Why fNIRS?

What is fNIRS?

fNIRS is a non-invasive neuroimaging technique that uses light to record blood flow in the brain as a measure of neural activation.

Specifically, near infrared light (the spectrum of 650 – 900 nm) is transmitted into the skull. fNIRS takes advantage of this optical window – the range where the absorption of light is small, thus light is able to diffuse several centimetres through biological tissue to reach brain tissue.

Neuronal activity leads to changes in blood flow and oxygen consumption, known as neurovascular activity. This leads to an increase in oxygenated haemoglobin, and a decrease in deoxygenated haemoglobin – these forms absorb near infrared light differently. Thus, functional brain activity is measured through the changes in light absorption, which reflects changes in blood oxygenation levels.

Advances in this technology have led to the development of multichannel, wearable devices - this means a larger portion of the head can be monitored, and the data from fNIRS recordings can be stored on the unit itself, or sent wirelessly to a laptop.

Why fNIRS for cognitive neuroscience?

For over 20 years, cognitive neuroscientists have used fMRI (with PET, EEG and MEG) to make sense of the function of the human brain. So why do we need a new methodology?

The traditional methods of cognitive neuroscience provide strong experimental control, as isolated participants respond to a limited set of stimuli with a limited number of possible responses. It is now being recognized that these situations have limited ecological validity: the real world provides many competing stimuli and many possible responses, including other people who respond dynamically and in real time. Traditional methods are not well suited to studying these real world situations.

fNIRS is an ideal method for real world cognitive neuroscience because an fNIRS cap does not restrict movement or everyday behaviour.

fNIRS has advantages because it is:

• Portable
• Motion tolerant
• Quiet
• Low cost
• Suitable for all participants
• Better than fMRI in terms of its temporal resolution

These features mean fNIRS is the ideal method for taking cognitive neuroscience 'into the wild', moving beyond the constraints of traditional lab approaches.

What are the challenges?

Developing a new method means facing new challenges, which is why we need to bring together expertise in cognition, social interaction and engineering to make fNIRS work for us. Our work aims to understand how brain processes can explain behaviour, so we need to:

1) Make sense of our brain data:

We are working to develop new methods to help us analyse data recorded in real-world contexts, where experimental control is diminished and participants have free control over what stimuli to enage with.

One such method is known as AIDE (Automatic IDentification of Functional Events; Pinti et al., 2017). AIDE is an algorithm that can be used in a brain-first approach to analysis. This means looking for particular patterns in pre-processed fNIRS data, to detect the onsets and durations of functional events. These events can then be connected to participants' behaviour.

2) Make sense of human behaviour:

Advances in recording technology means we can create rich recordings of real world behaviour through the usage of motion capture, face capture, eyetracking, video/audio recordings etc. New analysis methods in this domain will be important future developments.
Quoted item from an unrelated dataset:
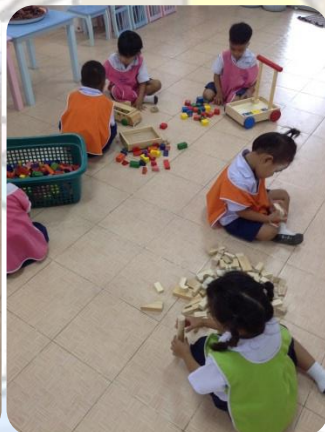
ภาพหลังจัด

การนำวัสดุพื้นบ้านมาประยุกต์ใช้ในการจัดมุม การใช้ลังนมที่หมดแล้ว มาทำเป็นบล็อกตัวต่อ นำเศษไม้ที่เหลือจากโรงงานเฟอร์นิเจอร์ในหมู่บ้านมาทำบล็อก

3) Put them both together:

To understand how brain processes can explain behaviour, fNIRS can be used in conjunction with behavioural measures as described above, and also other physiological measures such as heart rate or breathing rate, to provide a more comprehensive overview of coordinated changes in the body.

Data streams from fNIRS and behavioural recordings need to be processed and synchronised, so neural events can be linked to behaviour.

These findings can contribute towards models of cognition and social interaction.

4) Apply this in clinical contexts:

The flexibility of fNIRS to collect data in a range of contexts allows for the neuromonitoring of clinical populations. This makes it possible to examine social interactions in people with autism, and many other patient samples. For example, studies have illustrated differences in fNIRS responses in 4-month-old children at risk of autism (Lloyd-Fox et al., 2013), and adults with autism when processing facial stimuli (Jung et al., 2016).